As usual the taxi to the bus station costs more than the long distance bus. There is a new bus station in Baku so luckily buses for all destinations leave from the same place, much less confusion for the non-Azeri speaking foreigner. The taxi drops me off outside so I enter the building at the ground floor and navigate my way through the aisles of shops to find the stairs to the second floor where the buses are situated. There are numerous doors leading to a few buses in each section, no sense of order so I just try the first one and am in luck. There is a minibus for Qusar and it's almost full. I get the last of the fixed seats, I always hate those flip down seats as they are not well secured and have awkward poles along the back rest leading to very uncomfortable journeys. Amazingly I have decent leg room, a first for minibus travel across the world! Three men join the bus so we are on our way in no time, a minibus will never leave until it is full, it needs every seat to be making 4AZN. This minibus is also different in
that almost everyone is going to the final destination, so we don't stop continuously dropping people off and picking people up in the middle of nowhere. The guide book says it's a 4.5hr journey, and I am prone to sleepiness on transport so am a nodding dog within minutes. I almost fall onto the women either side of me, could have been embarrassing. Luckily I wake up before that happens, and even better the journey is only 2 hours long. Elkan, my contact from CBT is there to meet me within 5 minutes and he introduces me to Halid Azizov, my host for the stay. He has a very old 4WD and takes me to his village in the hills, Laza. It's about an hour's drive from Qusar, starting on a tarmac road, then changing to a gravel and mud path up to the building site of a new ski resort.
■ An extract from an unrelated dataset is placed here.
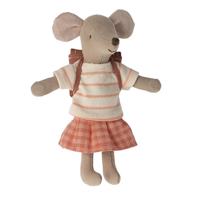 Big Sister Mouse is ready for a day in school, carrying her backpack on the back. She has magnets in her hands so she can hold the handles of the tricycle for a fast trip.Age: 3 years+Material:CottonSize: H5.11 inches*Tricycle sold separately

The buildings are in varying stages of progress and a new road is being built to the resort, the ski lift is complete though... This will be a spectacular resort once finished, destined to open next year according to Halid. After the resort and the slippery mud path, the
road deteriorates further, from there to Laza there is only a rocky path and a sheer cliff edge to the valley below, now I see why a 4WD is necessary. I hate these kinds of roads at the best of times, but even less so in a clapped out old car with a driver who insists on staying close to the cliff edge rather than the safe edge. The views are amazing though, rolling hills, green slopes and waterfalls. We reach Halid's house and I meet his wife who greats me with a kiss and his son and daughter. Halid and his son speak a little English, his wife brings me tea and lunch. A great feast of fried potatoes and eggs, cucumber, veg and the best tomatoes I've ever tasted. Less watery than ours, more meaty and a much brighter red. The bread in quite flat with pitted marks over the top, traditional Lezgin bread. This is the Lezgin area, there are about 80,000 Lezgin people who speak their own language rather than Azeri or Russian. The Azizov house is simple with few rooms, the main room has a sofa and dining table and a few extra chairs and
of course the all important TV with satellite channels. There are two bedrooms for tourists, simple rooms with either a bed or mattresses for the floor. The wife and kids spend most of the time in the kitchen, then there is one more room where the family seems to sleep and a room with a sink and washing machine. The toilet is down the garden in a small shed, it is a squatter toilet with bucket of water for flushing. The climate is much cooler in the mountains and it's even chilly in the house with the radiator on. I wanted to hike in the area, but Elkin doesn't arrive until 3pm so there isn't much time, instead I go for a short 2 hour walk with the son. Up a few of the hills nearby to see the views and waterfalls. It is difficult to hike in the area these days anyway as there are armed guards stopping people. A couple of Dutch tourists are staying in the same homestay and they were stopped on two routes earlier in the day. You used to be able to hike to the next village, Xinaliq, but it's not possible anymore.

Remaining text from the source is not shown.